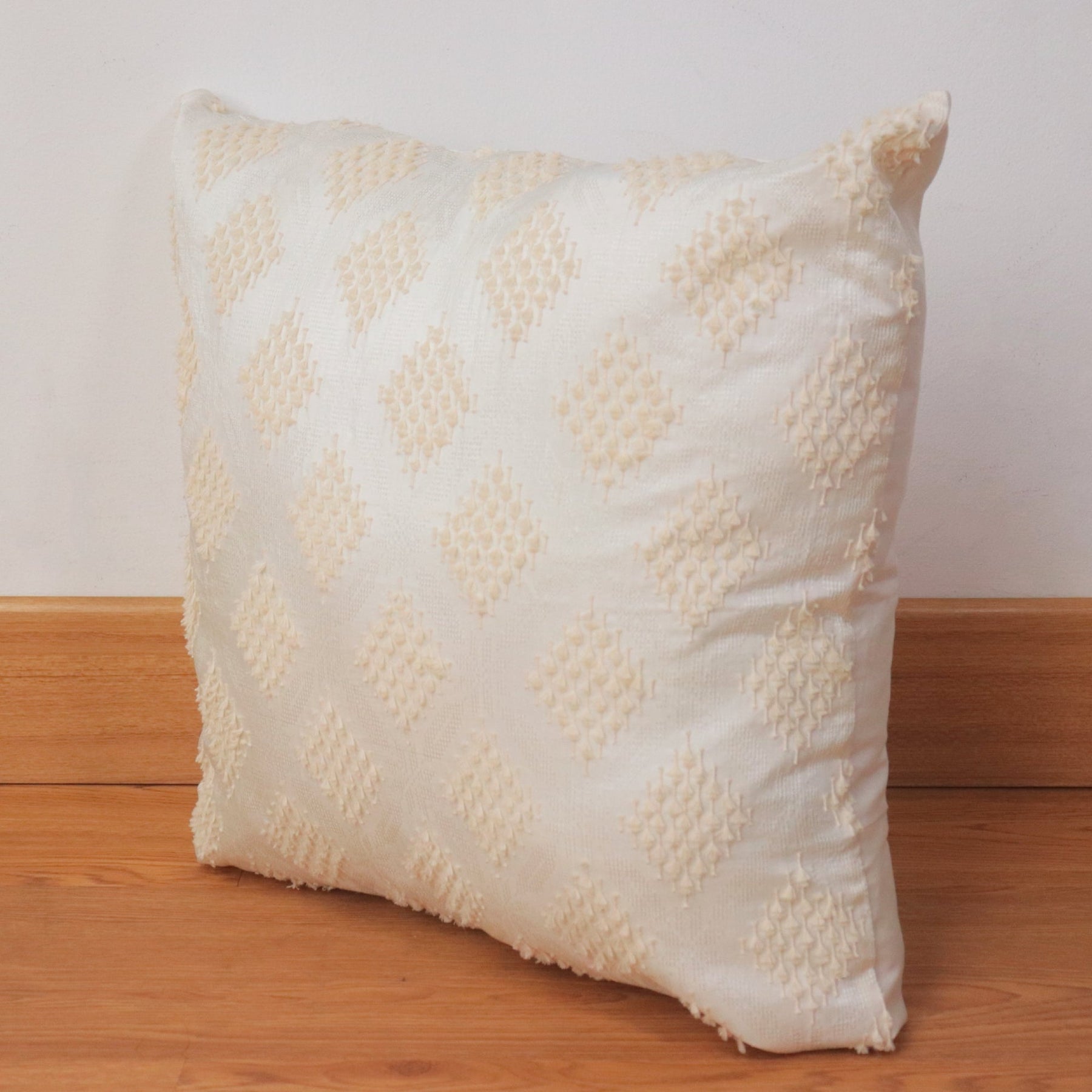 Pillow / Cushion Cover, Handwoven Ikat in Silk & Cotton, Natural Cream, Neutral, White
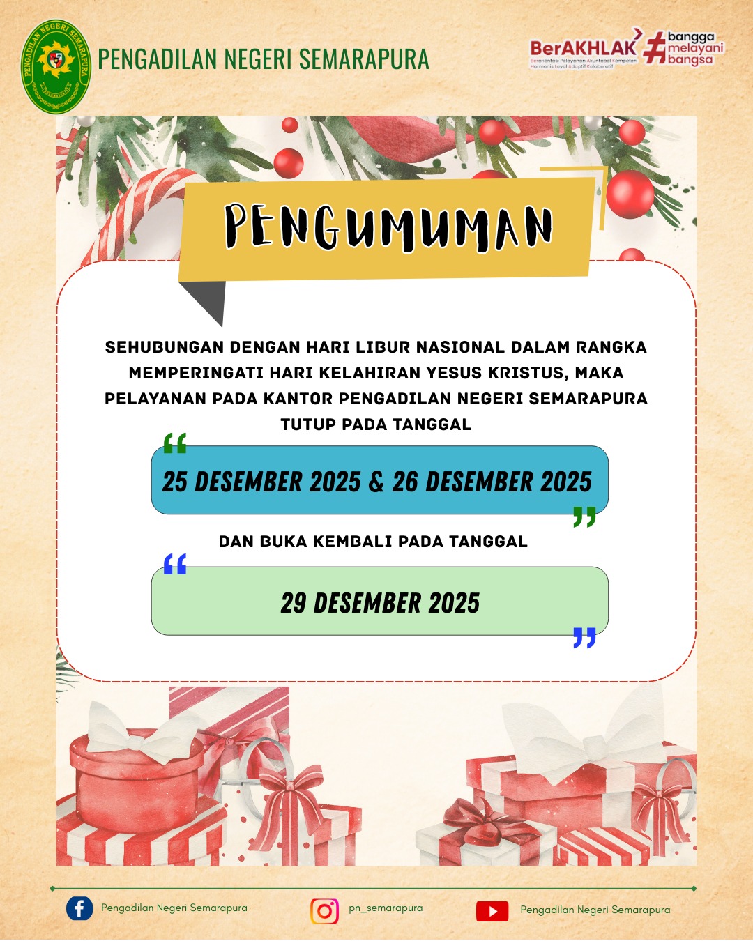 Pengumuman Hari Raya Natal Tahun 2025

****

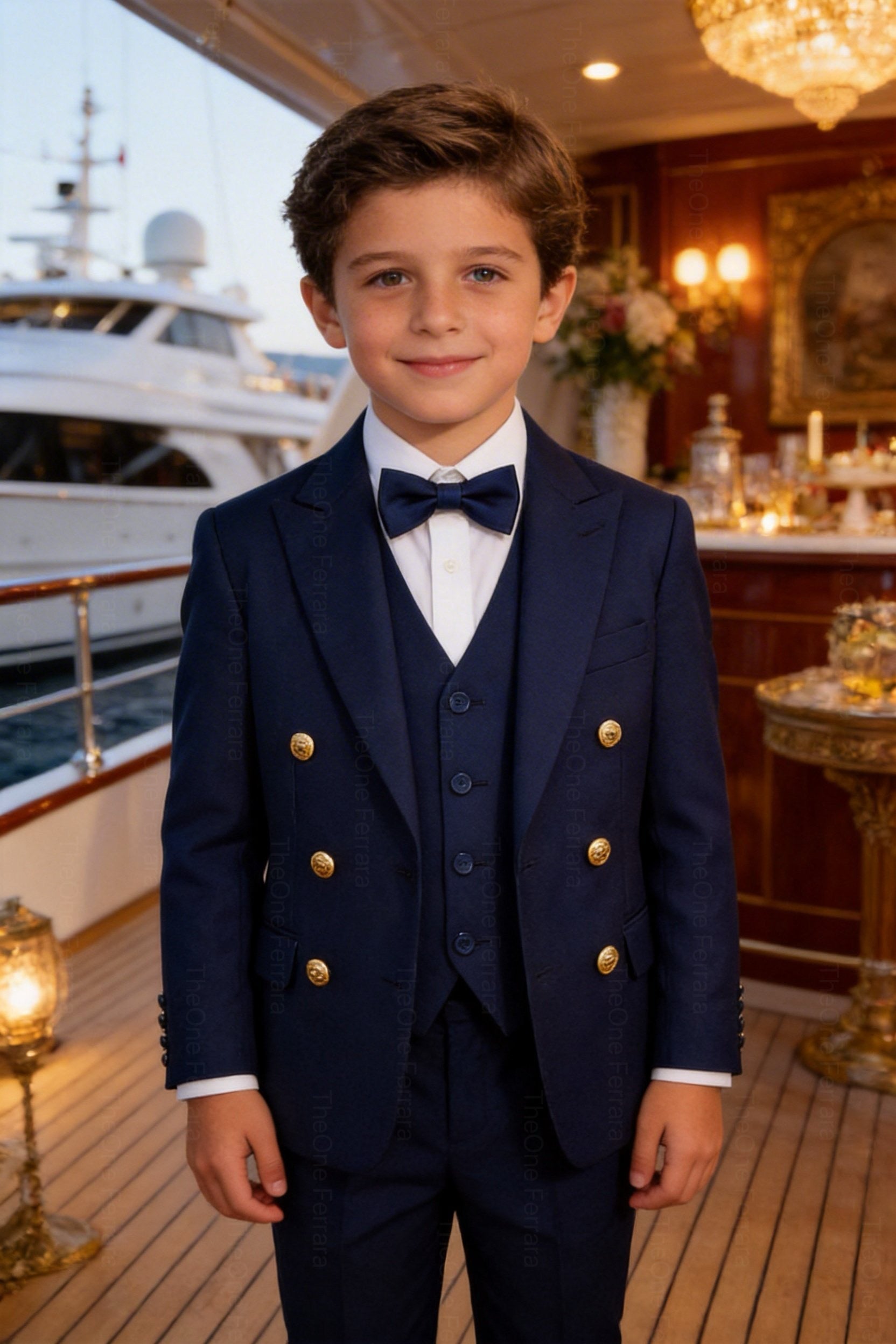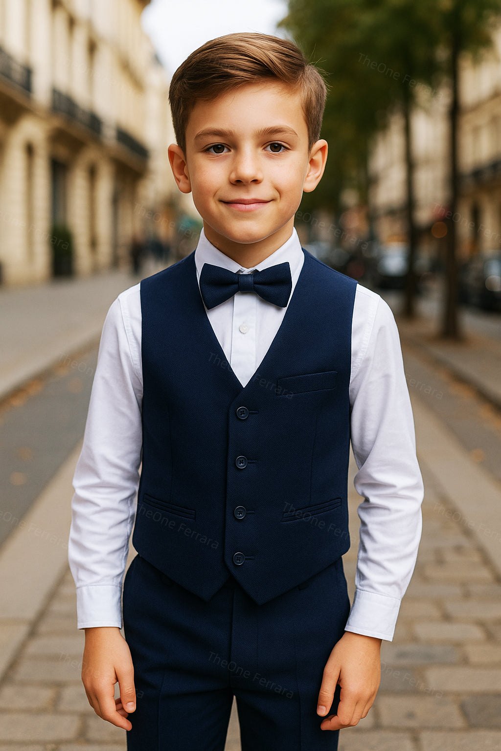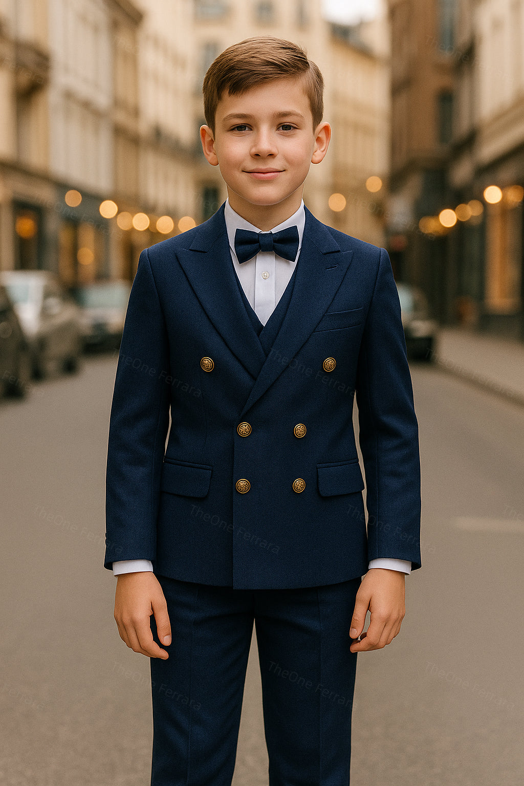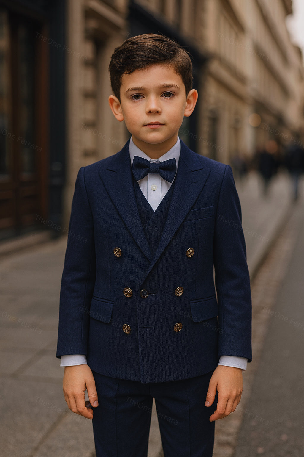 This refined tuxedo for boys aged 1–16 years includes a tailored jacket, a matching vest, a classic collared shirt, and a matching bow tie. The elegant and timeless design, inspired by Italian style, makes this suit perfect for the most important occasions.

****

What the task asks
Reproduce the data above exactly, but only the lines from the one showing "Pillow / Cushion" through the one showing "Pengumuman Hari Raya Natal Tahun 2025", with both ends kept and the pictures left out.

Response below
 Pillow / Cushion Cover, Handwoven Ikat in Silk & Cotton, Natural Cream, Neutral, White
 Pengumuman Hari Raya Natal Tahun 2025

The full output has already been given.